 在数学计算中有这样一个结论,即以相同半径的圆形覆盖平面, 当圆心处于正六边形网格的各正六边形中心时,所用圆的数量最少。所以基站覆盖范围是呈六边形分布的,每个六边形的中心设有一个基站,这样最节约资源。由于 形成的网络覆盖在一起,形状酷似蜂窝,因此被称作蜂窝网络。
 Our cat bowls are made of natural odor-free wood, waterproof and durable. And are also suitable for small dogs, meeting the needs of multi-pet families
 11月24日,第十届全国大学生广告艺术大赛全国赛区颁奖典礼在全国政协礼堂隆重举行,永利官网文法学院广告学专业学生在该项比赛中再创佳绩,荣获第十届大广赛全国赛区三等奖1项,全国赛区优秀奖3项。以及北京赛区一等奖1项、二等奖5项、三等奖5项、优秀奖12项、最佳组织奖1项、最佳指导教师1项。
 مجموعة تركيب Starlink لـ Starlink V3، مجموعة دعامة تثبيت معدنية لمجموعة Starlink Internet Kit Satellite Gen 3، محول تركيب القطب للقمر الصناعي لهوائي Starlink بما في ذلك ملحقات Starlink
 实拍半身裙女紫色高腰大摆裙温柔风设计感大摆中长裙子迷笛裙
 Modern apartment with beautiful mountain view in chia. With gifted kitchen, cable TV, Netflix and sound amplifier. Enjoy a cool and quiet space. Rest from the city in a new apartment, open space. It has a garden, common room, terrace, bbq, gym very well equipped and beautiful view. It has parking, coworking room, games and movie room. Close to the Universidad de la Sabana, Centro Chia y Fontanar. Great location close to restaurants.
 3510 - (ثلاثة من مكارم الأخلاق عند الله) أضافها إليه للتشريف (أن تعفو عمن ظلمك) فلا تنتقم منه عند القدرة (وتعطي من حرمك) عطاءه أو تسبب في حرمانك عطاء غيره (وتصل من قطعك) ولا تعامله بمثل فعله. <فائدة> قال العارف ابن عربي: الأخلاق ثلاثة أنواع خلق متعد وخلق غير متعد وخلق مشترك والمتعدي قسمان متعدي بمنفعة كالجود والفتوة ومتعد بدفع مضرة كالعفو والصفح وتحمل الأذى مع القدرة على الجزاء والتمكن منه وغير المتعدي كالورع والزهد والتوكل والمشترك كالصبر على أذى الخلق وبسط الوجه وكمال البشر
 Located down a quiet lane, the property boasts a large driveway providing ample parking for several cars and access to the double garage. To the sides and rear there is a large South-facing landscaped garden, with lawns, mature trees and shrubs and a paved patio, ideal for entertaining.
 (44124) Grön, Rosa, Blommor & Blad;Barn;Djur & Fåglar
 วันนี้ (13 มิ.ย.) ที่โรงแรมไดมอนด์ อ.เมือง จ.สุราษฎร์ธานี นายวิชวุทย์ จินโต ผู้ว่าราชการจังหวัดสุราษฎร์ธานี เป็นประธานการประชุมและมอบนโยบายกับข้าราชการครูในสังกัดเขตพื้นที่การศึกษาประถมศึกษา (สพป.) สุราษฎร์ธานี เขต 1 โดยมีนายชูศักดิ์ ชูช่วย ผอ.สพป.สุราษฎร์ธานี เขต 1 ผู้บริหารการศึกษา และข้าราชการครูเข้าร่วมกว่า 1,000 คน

- [Problem to solve]
In the listing above, find the line containing "11月24日,第十届全国大学" and the line containing "(44124) Grön, Rosa, Blommor", then retype both and every line between them exactly, with nothing else.

- [Answer space]
 11月24日,第十届全国大学生广告艺术大赛全国赛区颁奖典礼在全国政协礼堂隆重举行,永利官网文法学院广告学专业学生在该项比赛中再创佳绩,荣获第十届大广赛全国赛区三等奖1项,全国赛区优秀奖3项。以及北京赛区一等奖1项、二等奖5项、三等奖5项、优秀奖12项、最佳组织奖1项、最佳指导教师1项。
 مجموعة تركيب Starlink لـ Starlink V3، مجموعة دعامة تثبيت معدنية لمجموعة Starlink Internet Kit Satellite Gen 3، محول تركيب القطب للقمر الصناعي لهوائي Starlink بما في ذلك ملحقات Starlink
 实拍半身裙女紫色高腰大摆裙温柔风设计感大摆中长裙子迷笛裙
 Modern apartment with beautiful mountain view in chia. With gifted kitchen, cable TV, Netflix and sound amplifier. Enjoy a cool and quiet space. Rest from the city in a new apartment, open space. It has a garden, common room, terrace, bbq, gym very well equipped and beautiful view. It has parking, coworking room, games and movie room. Close to the Universidad de la Sabana, Centro Chia y Fontanar. Great location close to restaurants.
 3510 - (ثلاثة من مكارم الأخلاق عند الله) أضافها إليه للتشريف (أن تعفو عمن ظلمك) فلا تنتقم منه عند القدرة (وتعطي من حرمك) عطاءه أو تسبب في حرمانك عطاء غيره (وتصل من قطعك) ولا تعامله بمثل فعله. <فائدة> قال العارف ابن عربي: الأخلاق ثلاثة أنواع خلق متعد وخلق غير متعد وخلق مشترك والمتعدي قسمان متعدي بمنفعة كالجود والفتوة ومتعد بدفع مضرة كالعفو والصفح وتحمل الأذى مع القدرة على الجزاء والتمكن منه وغير المتعدي كالورع والزهد والتوكل والمشترك كالصبر على أذى الخلق وبسط الوجه وكمال البشر
 Located down a quiet lane, the property boasts a large driveway providing ample parking for several cars and access to the double garage. To the sides and rear there is a large South-facing landscaped garden, with lawns, mature trees and shrubs and a paved patio, ideal for entertaining.
 (44124) Grön, Rosa, Blommor & Blad;Barn;Djur & Fåglar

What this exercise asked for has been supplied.